The case at hand primary deals with Dell inc. As an organisation that is known as a global computer systems manufacturer with the most agile and flexible supply chain designs and highly appreciated and accounted for supply chain risk prevention and mitigation policies and frameworks. The report analyses and explains how the worlds no.1 computer systems manufacturing company works towards streamlining its supply chain strategies and practices to ensure further enhancement of sustainable planning and successful execution ensuring reduction of inventory levels to hours from days while maintaining response agility and immediate responsiveness to incoming customer orders.

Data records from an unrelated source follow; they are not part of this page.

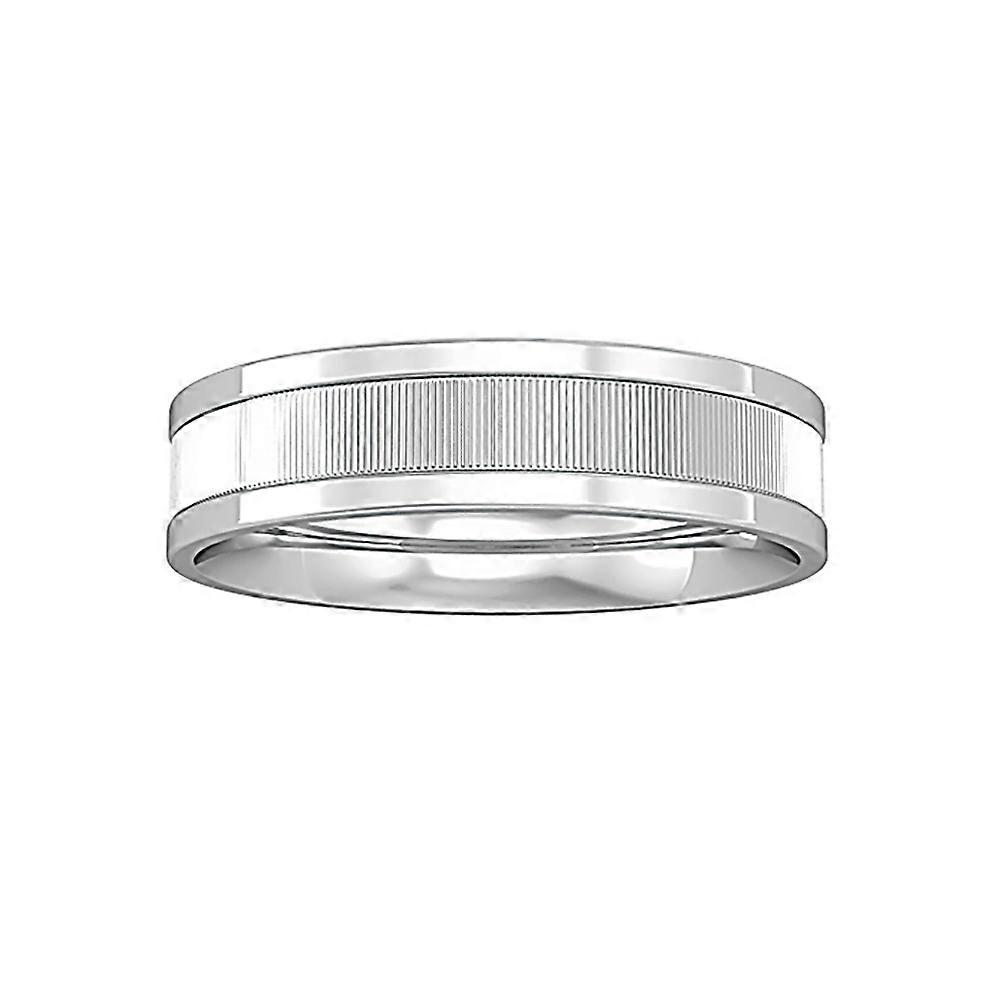 Jewelco London 9ct White Gold Flat-Court Horizontal Rib Cut Band Wedding Ring 5mm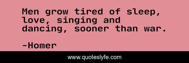 This page presents the quote "Men grow tired of sleep, love, singing and dancing, sooner than war.". Author of this quote is Homer. This quote is about priority, war, mankind, wisdom,.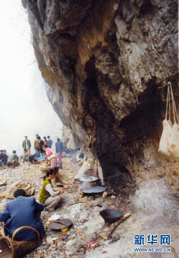 修路遠(yuǎn)比想象的難。四周陡峭巖壁,很難找到落腳之地,膽子大的腰系長繩站在籮筐里,吊在幾百米高的懸崖邊鉆炮眼,先炸出一小塊立足之地,再用鋤頭、鋼釬和大錘,一塊一塊把石頭鑿下來。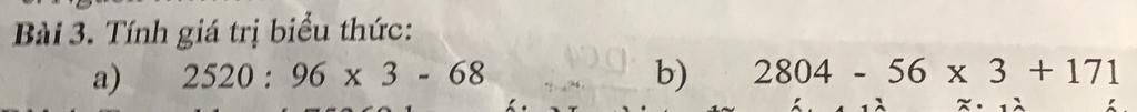 a) 2520 : 96 x 3 - 68 b) 2804 - 56 x 3 + 171

DELL'S VALUE CHAIN-THE 'EARLY-TO-MARKET' ADVANTAGE:
The business model of dell operationally functions on the principle of using direct sales via internet, PC customization and readily assembled computer systems for direct purchase at the retail stores and outlets. This provides Dell with the competitive advantage of bringing products to market and customers, a lot faster than its main competitors. Traditional computer manufacturers work with the model of previously assembled computer systems ready for purchase at retail stores, with very little or no customization facilities or advantages.

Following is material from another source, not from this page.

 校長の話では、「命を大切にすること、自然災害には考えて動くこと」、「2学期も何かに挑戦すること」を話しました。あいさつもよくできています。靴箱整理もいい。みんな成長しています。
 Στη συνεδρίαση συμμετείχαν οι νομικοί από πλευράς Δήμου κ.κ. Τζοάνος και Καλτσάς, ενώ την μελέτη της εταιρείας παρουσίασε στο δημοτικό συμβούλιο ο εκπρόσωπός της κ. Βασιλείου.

According to Dave Schneider, continuous improvement engineering manager of Dell , the realtionships with customers and suppliers has allowed dell to know what as an organisation is expected out of it to supply in real time and respond quickly and precisely, meeting the demand while maintaining low inventory levels.
The following diagram shows the difference between dell's supplying strategy as compared to the others in the computer systems manufacturing business and also marks off for the competitive advantage that the dell direct model lays with respect to the direct link between the organisation and the customers(end users).
As seen in fig. 1.1, dell direct as a supply chain model, eliminates the channels of finished product flow by cutting down on the distributors and retailors, hence enhancing the agility of the supply chain , by establishing a direct interaction with the customer after the stage of component and peripheral assembly, making the supply chain environment more responsive as compared to market competitors.
THE DELL DIRECT CASE OVERVIEW:
The case encompasses the critical review of the supply chain strategy of dell computer systems which is identified and recognised as a global winner, in flexiblity and agility to supply strategies and quick response solutions to supply chain disruptions. The study of the supply chain viz-a-viz the dell direct model approach and provides a linkage between the supply chain strategy and the company risk structure. The ideology and advantages behind the usage of the pull control system with respect to drastically lowering down of the inventory levels has led the organisation to reach the customers faster and more efficiently than its competitors.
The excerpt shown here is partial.